WHAT TO WORK ON.
Restate the following data in its entirety, word for word and without images.

MATERIAL PROVIDED.
+++
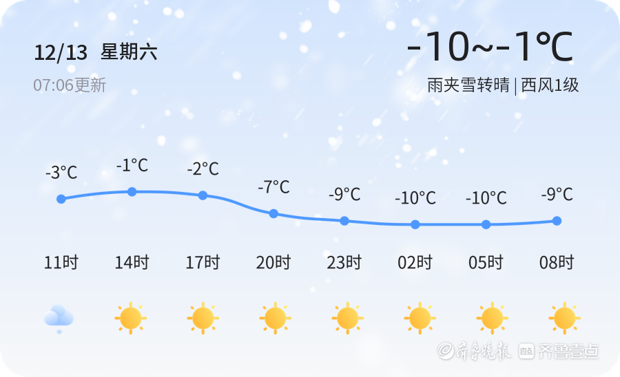 今天是12月13日,农历十月廿四,星期六。德州市迎来雨夹雪天气,气温较低,全市各区最低气温普遍在-10℃左右,最高气温为-1℃。目前,德州市气温为-3.2℃,天气状况为雨夹雪转晴,西风1级,空气湿度为96%,PM2.5指数为48,空气质量良好。市民出行请注意防寒保暖,防范道路湿滑。
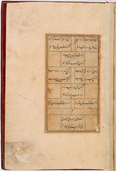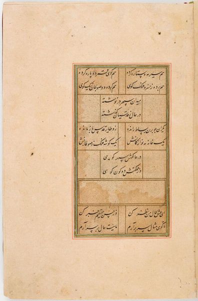 Editor: Here we have Folio 172 from the Divan of Anvari, attributed to Mahesh. It's a rather petite manuscript page. The calligraphy is so intricate; it almost feels like a woven tapestry. How do you interpret this work? Curator: It’s an enchanting piece, isn't it? I see a bridge between the earthly and the divine. The text, likely poetry, is framed by a delicate border, suggesting a glimpse into a world beyond our own. I wonder, what emotions does the calligraphy evoke in you? Editor: I feel a sense of serenity and timelessness. Curator: Yes, a testament to the enduring power of words and art, wouldn’t you agree? It reminds us that beauty can be found even in the smallest of spaces. Editor: Definitely, I appreciate how this piece blends visual art with the written word, creating a harmonious whole.
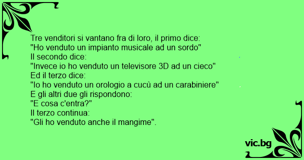 Tre venditori si vantano fra di loro, il primo dice:
+++
RESPONSE AREA.
 今天是12月13日,农历十月廿四,星期六。德州市迎来雨夹雪天气,气温较低,全市各区最低气温普遍在-10℃左右,最高气温为-1℃。目前,德州市气温为-3.2℃,天气状况为雨夹雪转晴,西风1级,空气湿度为96%,PM2.5指数为48,空气质量良好。市民出行请注意防寒保暖,防范道路湿滑。
 Editor: Here we have Folio 172 from the Divan of Anvari, attributed to Mahesh. It's a rather petite manuscript page. The calligraphy is so intricate; it almost feels like a woven tapestry. How do you interpret this work? Curator: It’s an enchanting piece, isn't it? I see a bridge between the earthly and the divine. The text, likely poetry, is framed by a delicate border, suggesting a glimpse into a world beyond our own. I wonder, what emotions does the calligraphy evoke in you? Editor: I feel a sense of serenity and timelessness. Curator: Yes, a testament to the enduring power of words and art, wouldn’t you agree? It reminds us that beauty can be found even in the smallest of spaces. Editor: Definitely, I appreciate how this piece blends visual art with the written word, creating a harmonious whole.
 Tre venditori si vantano fra di loro, il primo dice:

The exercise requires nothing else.